Une hauteur égale à zéro… à 3 millions de kilomètres près

Les chercheurs se sont également penchés sur des méthodes « qui ne fonctionnent que dans la théorie ». Par exemple, en supposant que la Terre est un dipôle magnétique parfait, l'utilisation du magnétomètre pour mesurer le champ magnétique en haut et en bas du bâtiment devrait permettre de déduire la hauteur H. Problème : « Un changement d'altitude de 15 m correspondrait à un changement de 0,0008 % du champ magnétique, en dessous de la résolution standard des capteurs des smartphones ». En pratique, cela aboutit à une mesure divergeant de 40 % par rapport au modèle théorique, ce qui se traduit par une différence de « plusieurs centaines de kilomètres ».
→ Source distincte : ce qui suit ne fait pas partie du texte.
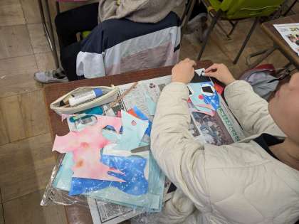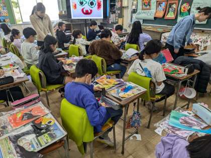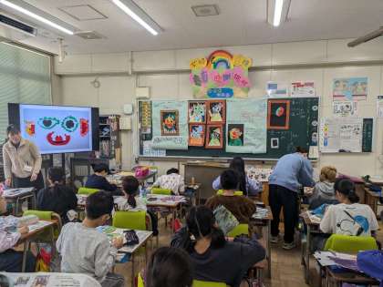 図工「真夜中のピエロ」の制作です。作品展で展示予定です。お楽しみに。
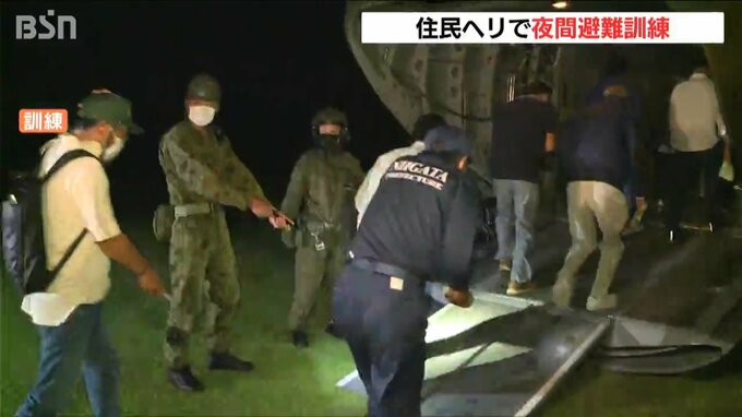 また、道路が寸断され、一部の住民は夜間に空路で避難することになったという想定も加えられました。訓練には刈羽村の住民12人や県職員らが参加し、懐中電灯を手に真っ暗な道を歩き、ヘリに乗り込みました。
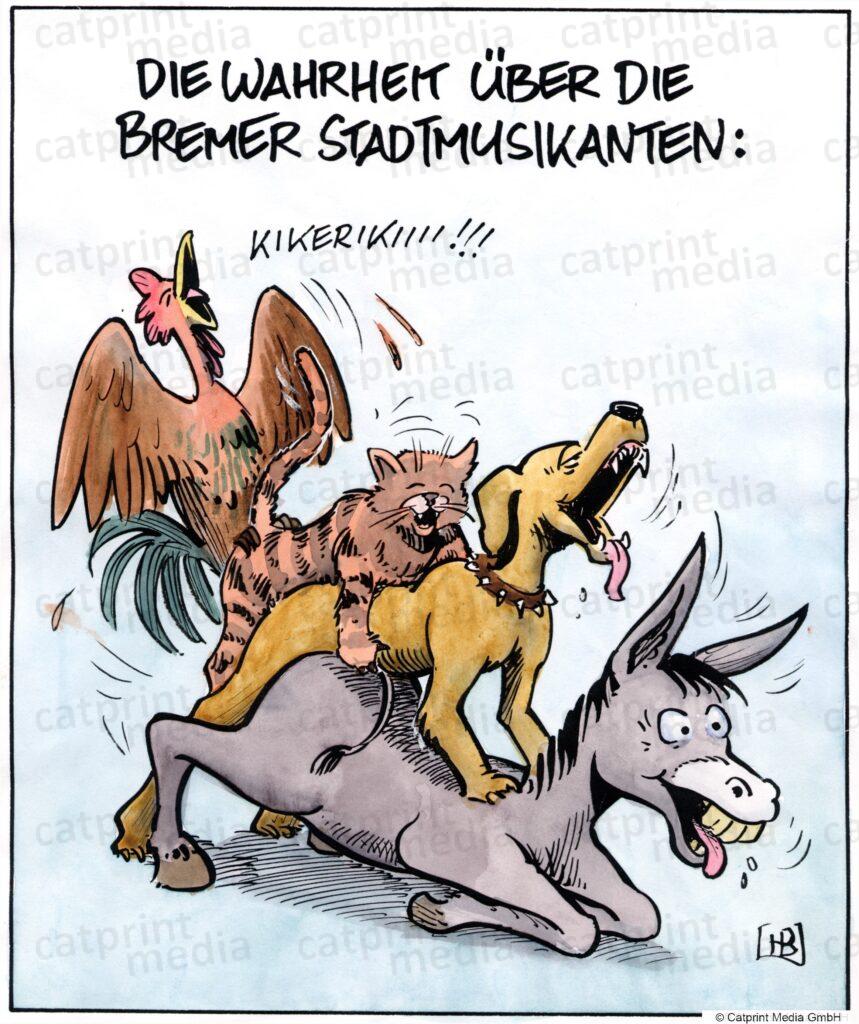 Künstler: Harm Bengen Artikelnummer: 12-6593 Kategorien: Geschichte, Liebe, Sex, Tiere Schlagwörter: Hund, Bremer, Stadtmusikanten, Hahn, Esel, Katze

La palme revient à la méthode Variation de la gravité entre le sommet et le sol, déterminée par la dilatation du temps de la relativité générale, qui nous donne une hauteur H égale à 0 avec, toutefois, une marge d'erreur de 3 millions de kilomètres. Ce qui conduit les chercheurs à conclure, peut-être à regret, « qu'en moyenne, plus la méthode est simple, plus les résultats sont précis ». Une des techniques les plus fiables est ainsi de compter le nombre de marches d'escaliers avec l'accéléromètre et de multiplier par la hauteur de la marche.

De façon décevante, la méthode n° 61 n'a pu donner aucun résultat du tout. Elle est intitulée Appel téléphonique à l'architecte du bâtiment.